One of the most significant challenges is freeing Lebanon from its role as merely a bargaining chip in regional power politics—regardless of the grand slogans under which that role has been justified at different times—and restoring it to its proper place as a sovereign state.

This transition represents a fundamental challenge for rebuilding state authority across all areas of national responsibility.

Among the most important of these responsibilities is engaging in genuine—not merely symbolic—negotiations on issues related to national security in all its dimensions.

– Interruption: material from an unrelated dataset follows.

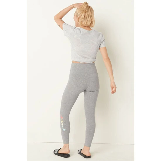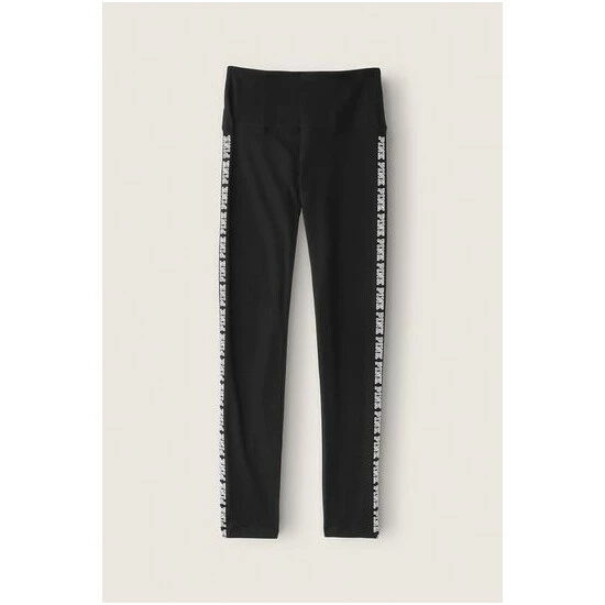 Victorias Secret PINK Victoria’s Secret PINK Cotton High Waist Full Length Legging Pure Black With White Ticking

The challenges are substantial. First comes the necessity of achieving a complete ceasefire, despite attempts by some parties to promote a gradualist approach. Then come the complexities of dealing effectively with proposed arrangements, securing the withdrawal of Israeli forces from Lebanese territory, and reaffirming the authority of the 1949 Armistice Agreement, which was based on Lebanon’s internationally recognized borders.

There is also the need to resolve several remaining disputed border points and establish those boundaries definitively.

The Lebanese approach rests on a gradual, interconnected, and realistic framework. Before discussing peace, it prioritizes ending the Israeli occupation entirely and ensuring that decisions of war and peace are exclusively in the hands of the legitimate Lebanese authorities.

At the same time, Lebanon continues to uphold the Arab Peace Initiative adopted in Beirut in 2002, which calls for a comprehensive, lasting, and just peace. The principles of that initiative, together with the relevant United Nations Security Council resolutions, remain at the core of Lebanon’s negotiating position and help secure broader Arab support.

Ultimately, Lebanon faces what may be described as an existential challenge.

It is no longer possible for the country to remain merely an arena for the wars of others, as though such a role were its destiny.

What Lebanon requires instead is the reconstruction of a state based on institutions—a state capable of embracing all its citizens and strengthening the principles of citizenship and national unity rather than allowing sectarian mini-states and de facto powers to dominate politics, society, the economy, and public life.

That is the role Lebanon needs most urgently, and the role upon which its future ultimately depends.